I am sure this can be done as I have seen a few threads on this hear, but I am looking for any tips that you guys on how best to do this.

For example, where would the best plan to put the A-MAZE-N (I have both an AMNPS and AMNTS.

Cheese placement?

Any other tips?

Thanks in advance,

Koze


----------



## donr (Dec 4, 2015)

I have cold smoked stuff in my gas grill with my AMNPS to great success.  I have a 4 burner (front to back) grill.  I pull a grate off, remove the middle 2 heat deflector things so I can set the AMNPS onto the floor of the grill.  My grill will pull air in from a gap around the floor so the air comes in lower than the AMNPS, which is good.  I put a well seasoned disposable aluminum pan with holes in the bottom on the two exposed burners.  This helps distribute the smoke and not blast the cheese directly over the AMNPS.  Replace the grate to put stuff on it.  I have some vents in the back of the grill that I partially block off with paper towels so the smoke flows around instead of going straight out the center vent.  Your grill is probably different.

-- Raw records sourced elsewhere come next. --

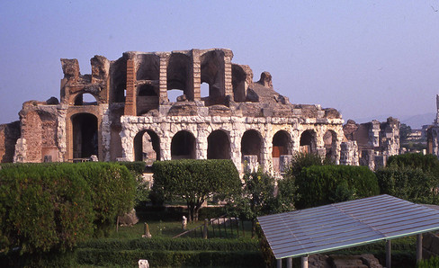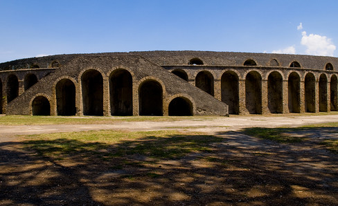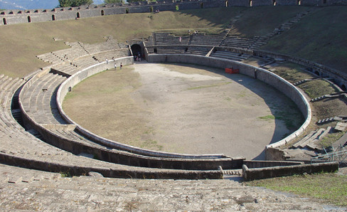 The Pompeii Amphitheater is the best preserved and the oldest of the first amphitheaters. It is an illustration of the passage from the old plan, inherited from temporary installations on the forum to the new elliptical form.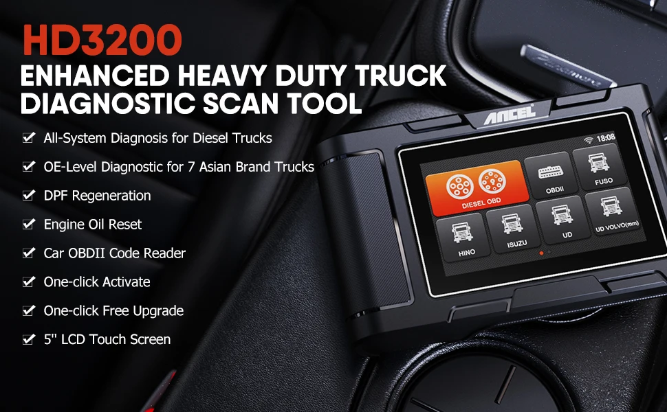 По сравнению с другими сканерами грузовиков, диагностический сканер для грузовиков ANCEL HD3200 HD добавила диагностику FUSO, ISUZU, UD, HYUNDAI, KIA и других азиатских моделей дизельных грузовиков с более богатыми диагностическими функциями, Которые могут показать большинство причин проблем системы и сказать вам, какие системы грузовика имеют проблемы и нужно ли их отремонтировать. Это не только подходит для владельцев грузовиков, но и очень подходит для ремонтных магазинов грузовиков, это инструмент DIY для любителей грузовиков. Если вам нужен экономичный сканер грузовика, HD3200 будет хорошим выбором, это сэкономит вам много времени и денег.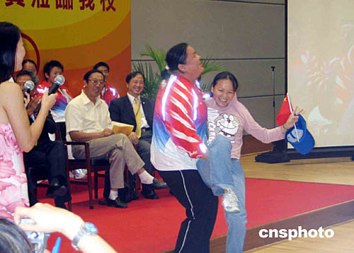 十多名中國奧運(yùn)金牌運(yùn)動(dòng)員8日到香港中文大學(xué)訪問,七百多名師生出席歡迎活動(dòng)。期間有學(xué)生要求女子75公斤舉重金牌得主唐功紅抱起她,引來全場哄動(dòng)。作者:尹丹丹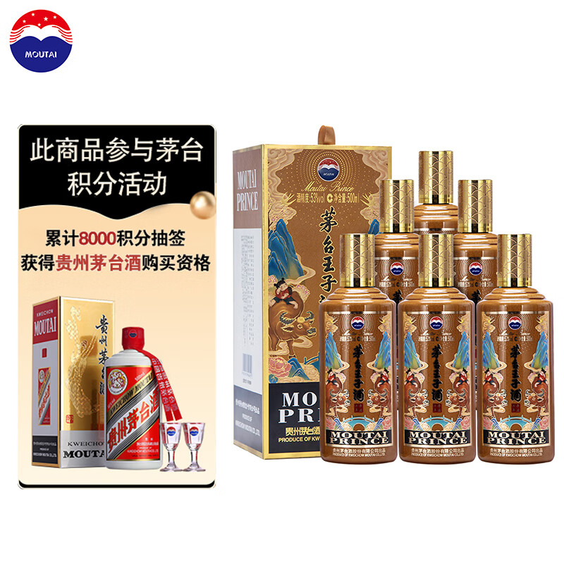 茅台(MOUTAI)茅台王子酒 辛丑牛年 酱香型白酒 53度 500ml*6瓶 箱装 生肖收藏价格:3234.00元!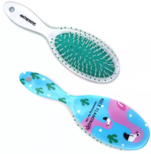 Масажна щітка для волосся №9717-2 пл. з рис. Фламінго чор. у кл. овал. (240)

People have also used cardboard boxes with make shift racks for cold smokers as well.  I've thought about making a plywood box with a bunch of shelf holders for the job.

Don


----------



## cmayna (Dec 4, 2015)

Between the AMNPS vs AMNTS,  I would also use the AMNPS for to me it generates a smaller and cooler glow.  Yes, separate the smoke generator from the cheese as far as you can to help keep the temp down.  And yes a tall cardboard box with shelves in it works pretty good.  I use my vertical propane smoker for all my cold smoking needs, with the propane not turned on.  The AMNPS is down under the propane burner and the cheese or butter are typically located on the upper racks.

Have fun.


----------